Introduction (Lesson 34)

Overview

  • AWS documentation provides concise information on model performance evaluation.
  • Understanding model evaluation is crucial for improving predictive quality.

Supervised Learning: Data Split

  • Training Set: Used for model training.
  • Test Set: Used for verifying model performance with unseen data.

Objective

  • Determine if the model is underfitting, overfitting, or well-balanced.

Model Issues

  • Underfitting:
  • Poor performance on both training and test sets.
  • Solved by adding features, examples, or optimizing hyperparameters.
  • Overfitting:
  • Good performance on training but poor on test set.
  • Solved by simplifying model or optimizing hyperparameters.

Performance Metrics

  • Vary based on output type: continuous (regression), binary, or categorical (classification).
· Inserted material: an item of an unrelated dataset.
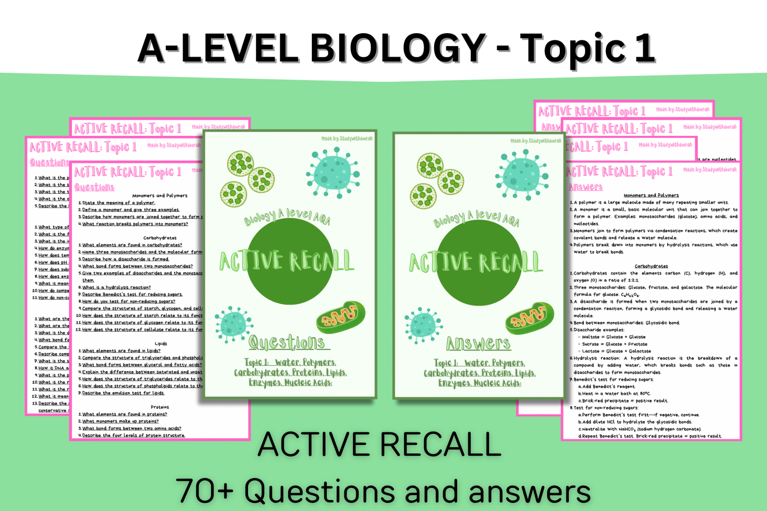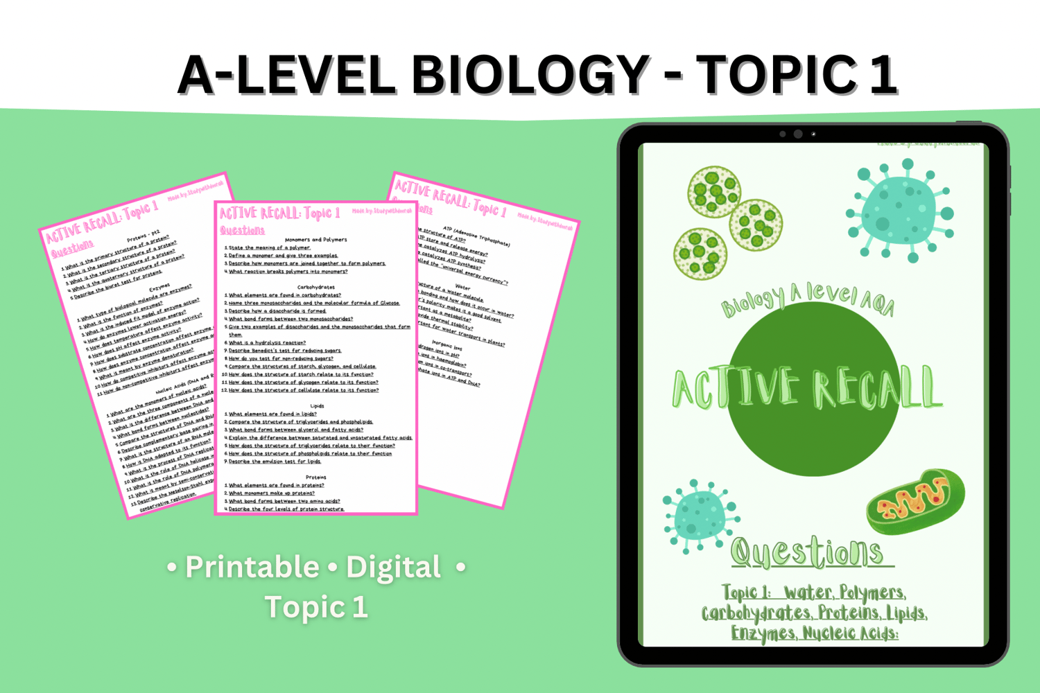 Struggling with Biological Molecules? This active recall resource is packed with 70+ exam-style questions designed to strengthen your understanding of key concepts, including:
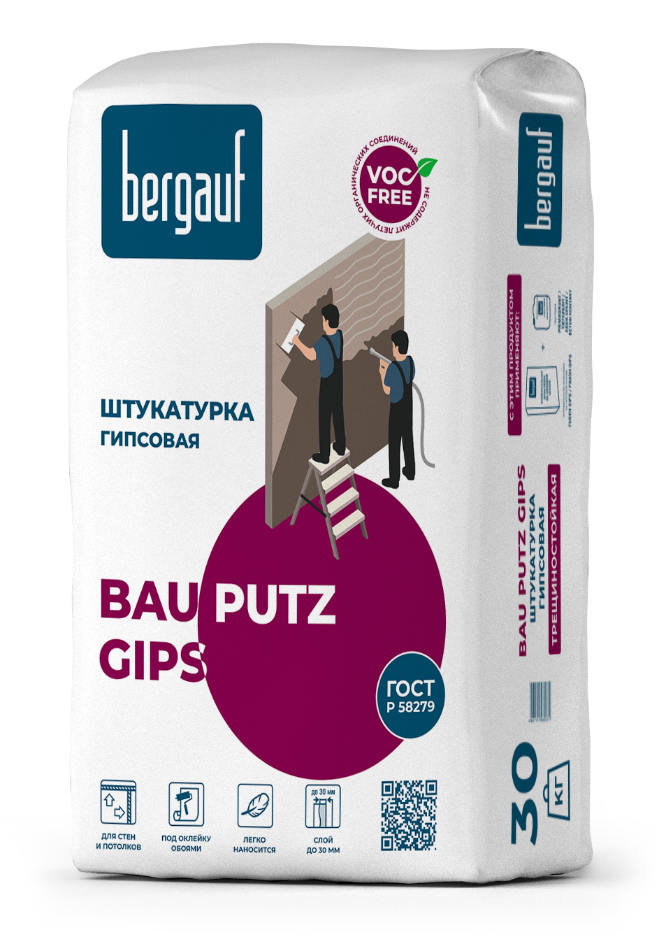 BERGAUF Bau Putz Gips штукатурка гипсовая для потолков и стен (30кг)

Regression Model Performance (Lesson 35)

Techniques for Comparison

  • Visual Comparison: Using plots to compare actual and predicted values.
  • Residual Distribution: Histograms showing the difference between actual and predicted values.
  • Root Mean Square Error (RMSE): Common metric for assessing accuracy.

Hands-On Exercise

  • Dataset: Airline passenger data set from the World Bank.
  • Objective: Compare performance of four different prediction models.
  • Data Attributes: Year, GDP, population (input), passengers (target), model predictions.

Steps for Evaluation

  1. Plot Data: Visualize actual vs. predicted values for each model.
  2. Compute RMSE:
  3. Square the difference between actual and predicted values.
  4. Calculate the mean of these squared differences.
  5. Find the square root of this mean to get RMSE.
  6. Analyze Residual Histogram:
  7. Residual is actual minus predicted value.
  8. Balanced models should have residuals centered around zero.
  9. Skewed distributions indicate over or under-prediction.

RMSE Calculation

  • Use mean_squared_error method from SKLearn and compute square root for RMSE.
  • Compare RMSE values across models to assess accuracy.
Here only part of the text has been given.